Materials provided =>
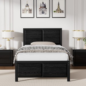 Product Name: VECELO Black Twin Size Platform Metal Bed Frame with Wooden Headboard and Footboard
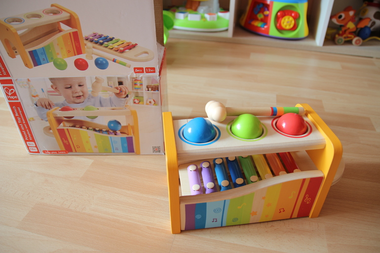 Этот ксилофон с шариками, честно признаюсь, купила лично для себя. Hape и звук это моя слабость) Но она такая классная, эта стучалка, думаю, Кит ее потом тоже оценит
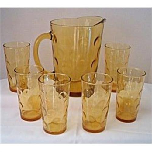 Vintage amber pitcher & glasses in the Polka Dot (inverted coin dot)pattern. These are definitely reproductions, but the pattern dates from 1884 when first introduced by Hobbs. The pitcher and glasses are in excellent condition, color is great.
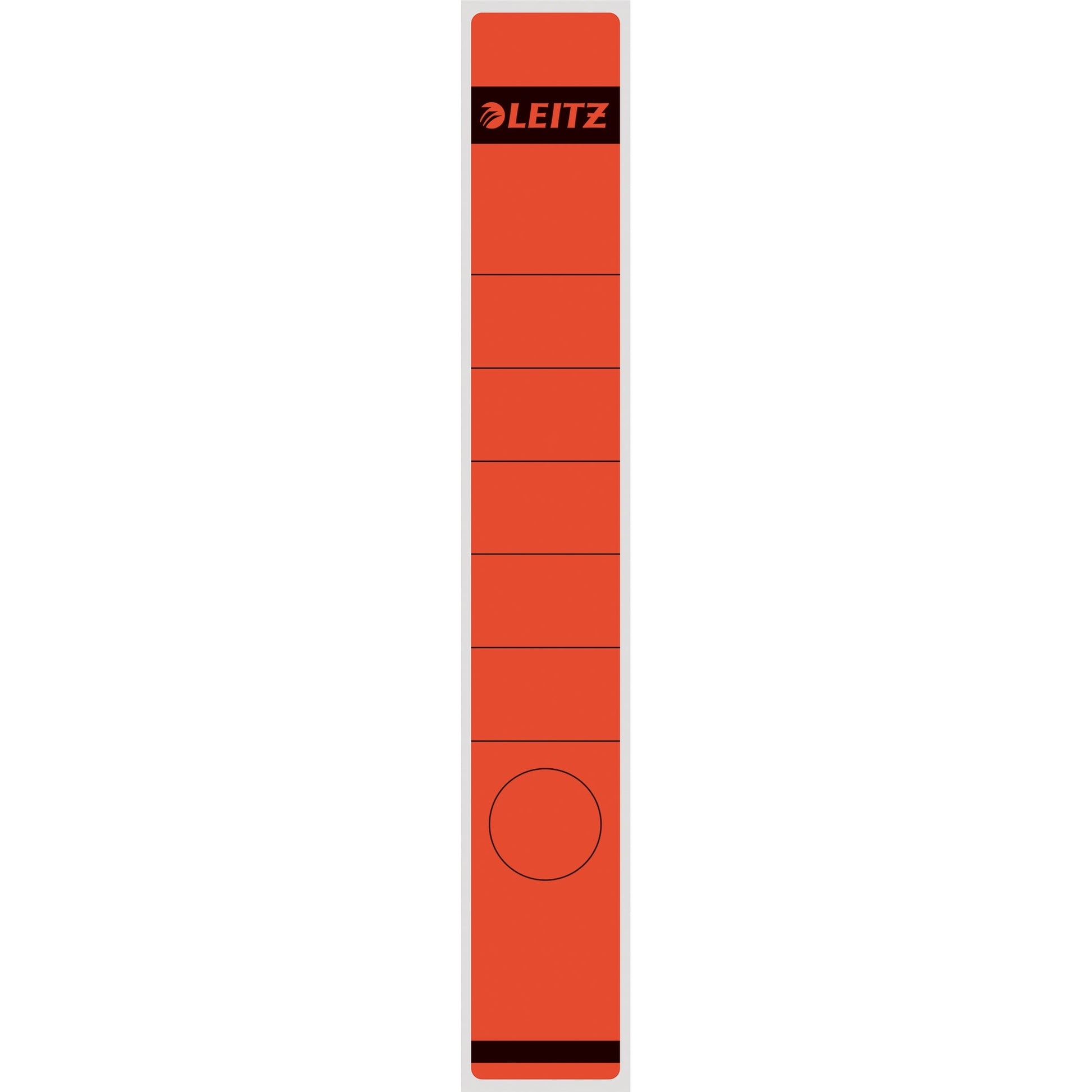 Bezeichnung: Leitz Ordnerrückenetikett schmal/lang 39 x 285 mm (B x H) selbstklebend mit Griffloch rot 10 Etik./Pack.
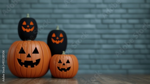 Spooky Pumpkin Family in Cozy Home - Halloween Decorations with Copy Space for Text
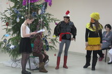 В младшем звене ведущими были семиклассники. Они приготовили свою новогоднюю программу с инсценировками сказок на новый лад. Проводились разнообразные интересные конкурсы со зрителями.
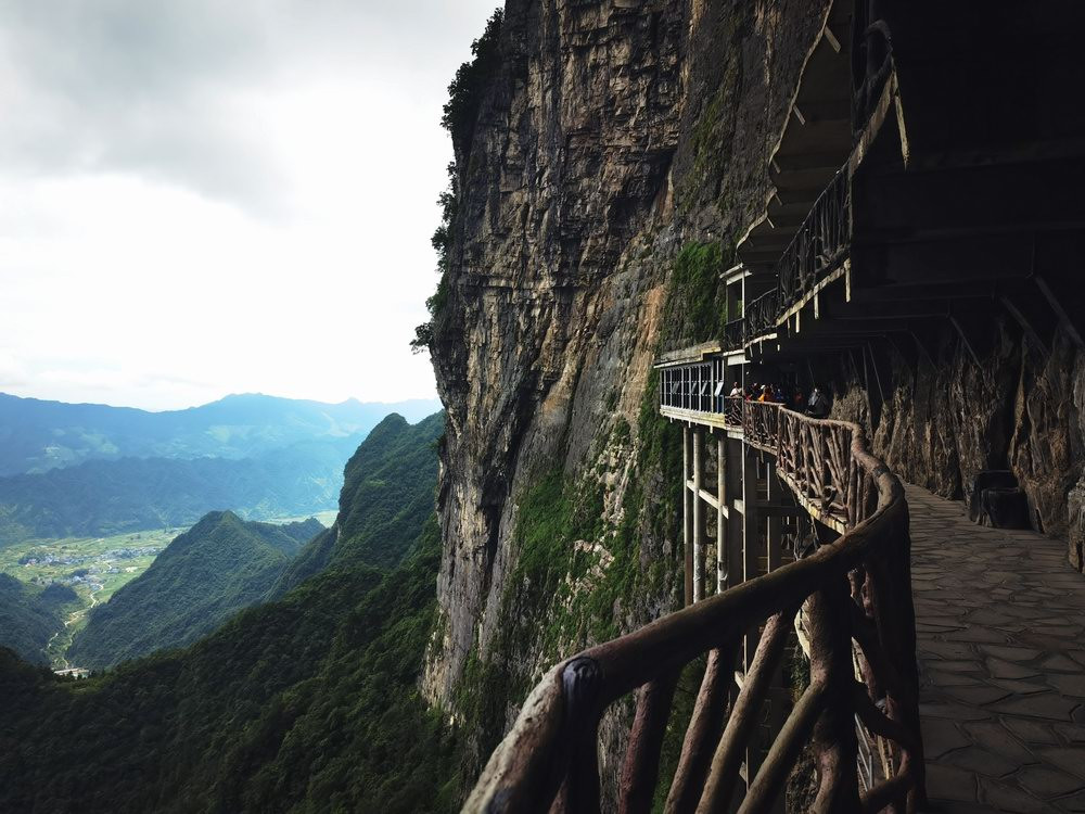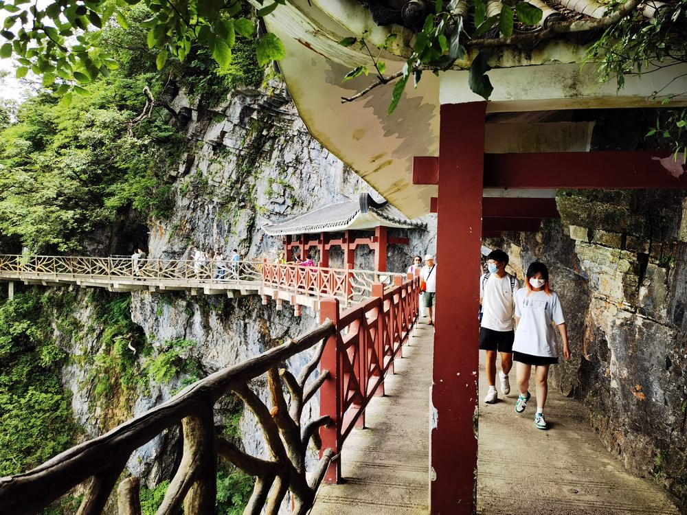 鬼谷栈道,因悬于鬼谷洞上侧的峭壁沿线而得名。栈道全长1600米,平均海拔为1400米,全线立于万丈悬崖间,举目远眺,峰峦险峻,以“惊、悚、险”著称于世。栈道悬于峭壁之中,雨后天晴的好开气,栈道沿线常出现云海、云瀑等奇观,云蒸霞蔚,恍若人间仙境。
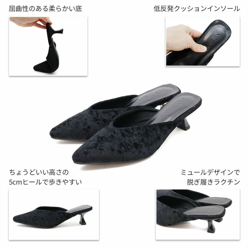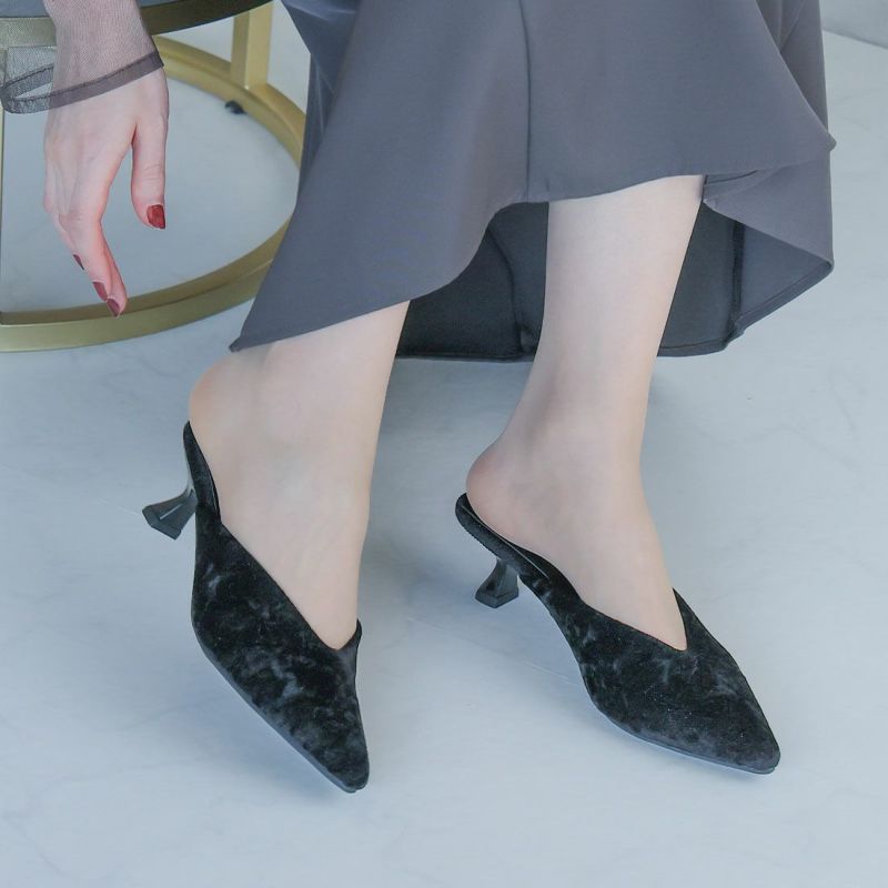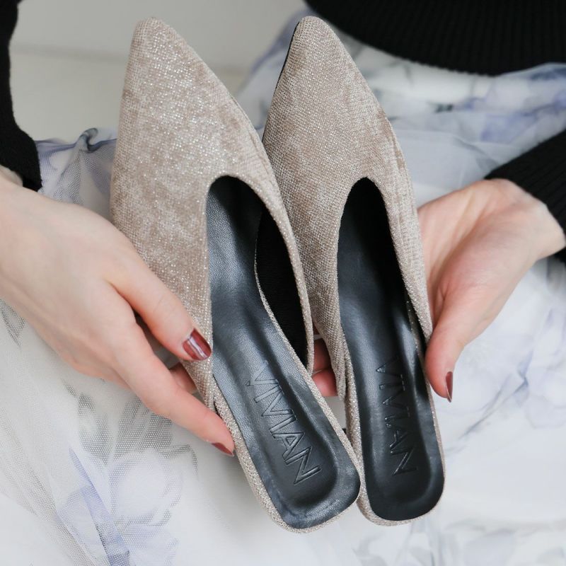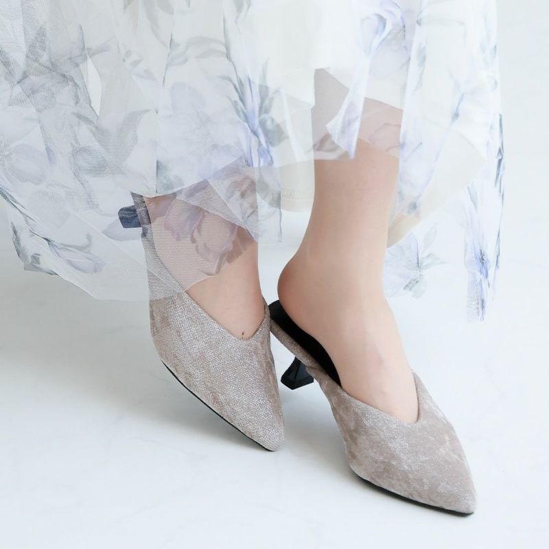 ・キラキラのラメ入りベロア素材が目を引く主役級ミュール!

Directions for this task => Exact reproduction is required for the lines from the one containing "鬼谷栈道,因悬于鬼谷洞上侧的" through the end of the material, and for those lines only, without pictures.

Solution to this task =>
 鬼谷栈道,因悬于鬼谷洞上侧的峭壁沿线而得名。栈道全长1600米,平均海拔为1400米,全线立于万丈悬崖间,举目远眺,峰峦险峻,以“惊、悚、险”著称于世。栈道悬于峭壁之中,雨后天晴的好开气,栈道沿线常出现云海、云瀑等奇观,云蒸霞蔚,恍若人间仙境。
 ・キラキラのラメ入りベロア素材が目を引く主役級ミュール!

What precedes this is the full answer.